**Aim of the task**.
Omit the pictures. Print each entry below exactly.

**Material provided**.
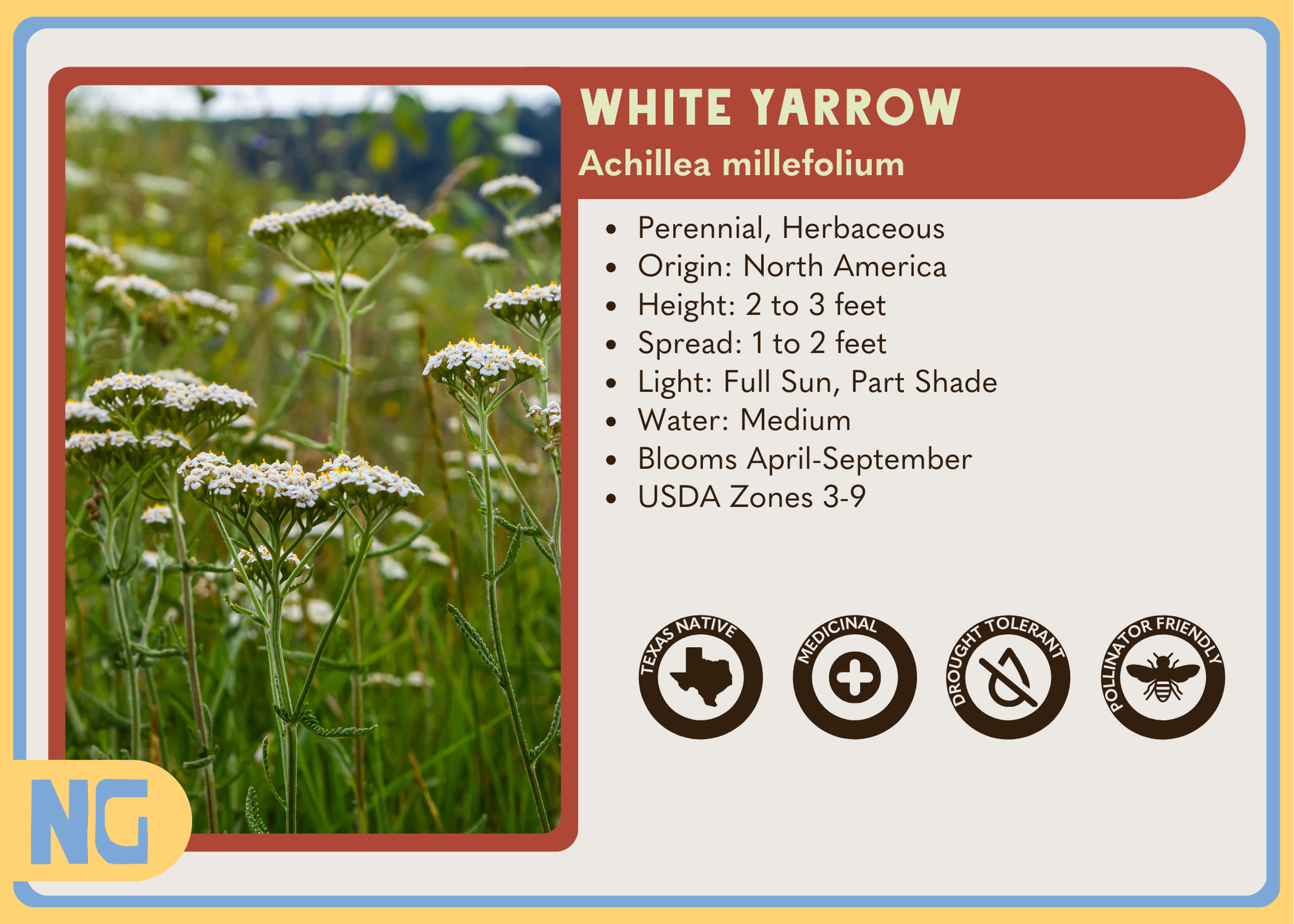 White Yarrow (Achillea millefolium) is a resilient and adaptable perennial, known for its fern-like, aromatic foliage and clusters of tiny white or pink flowers that bloom from spring to early fall. This versatile plant is not only valued for its ornamental appeal but also for its historical use in herbal medicine, where it was used to treat various ailments, including fevers and stomach disorders. Its fragrant foliage and flat-topped flower clusters make it a popular choice for garden borders, fresh or dried floral arrangements, and as a pollinator-friendly addition to wildflower meadows.
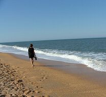 Linda could hardly wait to walk in the sand of an ocean beach near
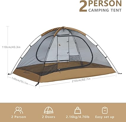 - 【Double-Layer Design】 Features a waterproof outer layer and a breathable full-mesh inner tent for superior ventilation and rain protection, plus two D-shaped doors for easy access—more convenient and weather-resistant than basic single-layer tents.
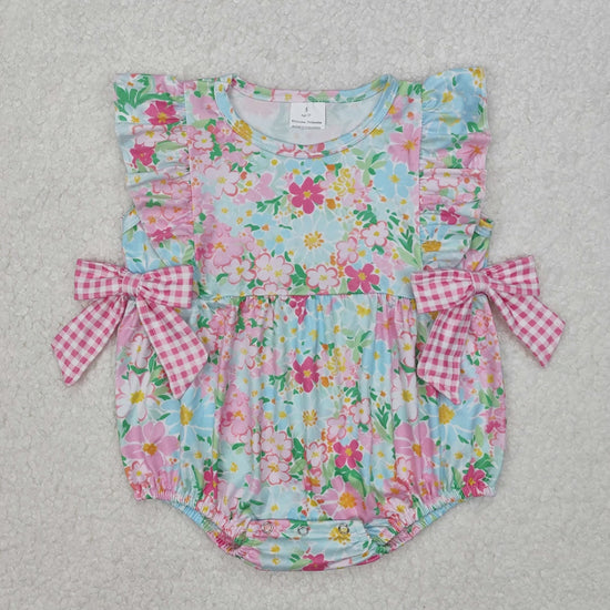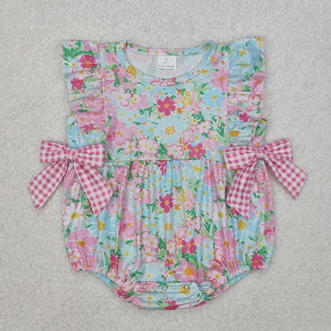 SR2719Baby Girls Ruffle Floral Pink Plaid Bow Summer Romper Cute Infant Outfit with Bow Detailing for Little Girls
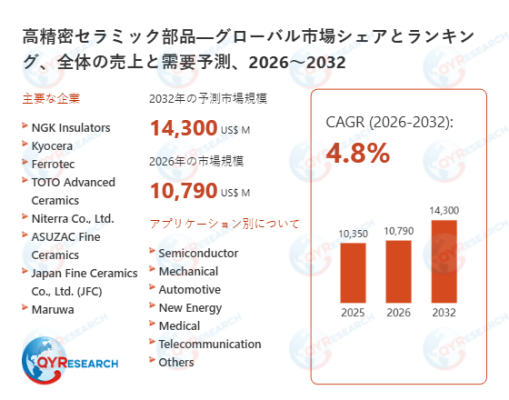 QY Research株式会社(東京都中央区)は、「高精密セラミック部品―グローバル市場シェアとランキング、全体の売上と需要予測、2026~2032」の最新レポートを発表しました。
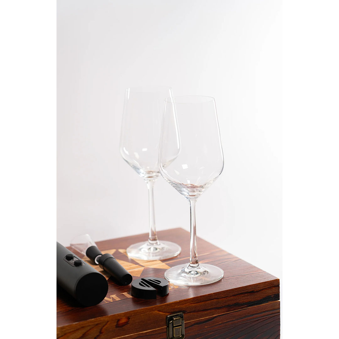 • Două pahare — forma este potrivită pentru vinurile roșii care au nevoie să „respire”.

**Response for this exercise**.
 White Yarrow (Achillea millefolium) is a resilient and adaptable perennial, known for its fern-like, aromatic foliage and clusters of tiny white or pink flowers that bloom from spring to early fall. This versatile plant is not only valued for its ornamental appeal but also for its historical use in herbal medicine, where it was used to treat various ailments, including fevers and stomach disorders. Its fragrant foliage and flat-topped flower clusters make it a popular choice for garden borders, fresh or dried floral arrangements, and as a pollinator-friendly addition to wildflower meadows.
 Linda could hardly wait to walk in the sand of an ocean beach near
 - 【Double-Layer Design】 Features a waterproof outer layer and a breathable full-mesh inner tent for superior ventilation and rain protection, plus two D-shaped doors for easy access—more convenient and weather-resistant than basic single-layer tents.
 SR2719Baby Girls Ruffle Floral Pink Plaid Bow Summer Romper Cute Infant Outfit with Bow Detailing for Little Girls
 QY Research株式会社(東京都中央区)は、「高精密セラミック部品―グローバル市場シェアとランキング、全体の売上と需要予測、2026~2032」の最新レポートを発表しました。
 • Două pahare — forma este potrivită pentru vinurile roșii care au nevoie să „respire”.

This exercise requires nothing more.